Час за часом они ехали по равнине. Разговоры затихли и вовсе сошли на нет, когда первое воодушевление сменилось задумчивостью.
Солнце стояло уже высоко. Хуже всех приходилось церковникам в их черных одеяниях. По лбу епископа ползли ручейки пота. Рыхлое лицо Жеана Конгоста приобрело неприятный рыжеватый оттенок. В бурой траве гудели пчелы, стрекотали кузнечики и цикады. Мошкара впивалась в ладони и запястья, мухи терзали лошадей, и те то и дело раздраженно взмахивали хвостами. Только когда солнце достигло высшей точки, виконт позволил свернуть с дороги для краткого отдыха. Расположились на поляне у спокойного ручья, где хватало травы для лошадей. Конюшие сняли седла и остудили коням шкуры, протерев их смоченными в воде пучками ивовых листьев. Порезы и укусы лечили листьями щавеля или настоем горчицы.

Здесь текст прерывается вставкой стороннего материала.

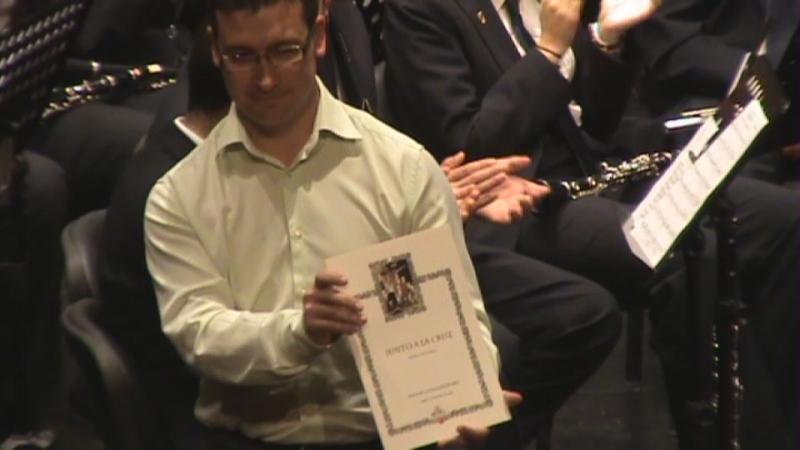 Primer estreno, "Junto a la Cruz" de Manuel González Rubio, compuesta para conmemorar el 30º aniversario de la Cofradía del Stmo. Cristo del Calvario. Es música de capilla y la interpretó el Grupo de Capilla de la Banda de Cabra compuesto por dos saxofones (bajo y tenor) y dos clarinetes. Invita al recogimiento y la oración. Tiene dos partes diferenciadas, la primera melancólica con ritmo pausado y la segunda esperanzadora. Bien lograda, tras su interpretación, recibió de manos de su autor la partitura original, el Hermano Mayor de la Cofradía, José Campillos López, entre los aplausos de los asistentes.
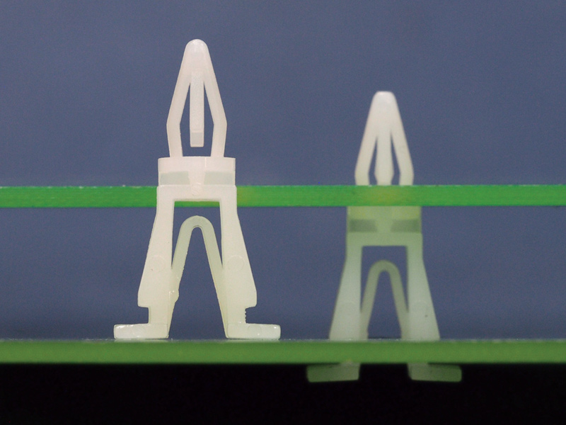 Spacer Reverse Mount with Snap Lock Bayonet nose. Material Nylon 66. Color Natural/Black. Chassis Mounting hole 7.0×6.0mm. Top hole dia. Ø 4.0mm. Thickness 0.8-1.7mm. Length 6.3mm.

Шевалье поснимали дорожные доспехи и сапоги, смыли с лиц пот и пыль. Пару слуг отрядили к ближайшему крестьянскому хозяйству, и вскоре они вернулись, нагруженные хлебом и колбасами, белым козьим сыром, оливками и крепким местным вином.
Едва селяне прослышали о приезде виконта, как густой ручеек крестьян, стариков и молодых женщин, ткачей и виноделов, потянулся к их скромной стоянке под деревьями. Каждый нес дары для сеньера: корзины вишен и слив, гуся, солонину или рыбу.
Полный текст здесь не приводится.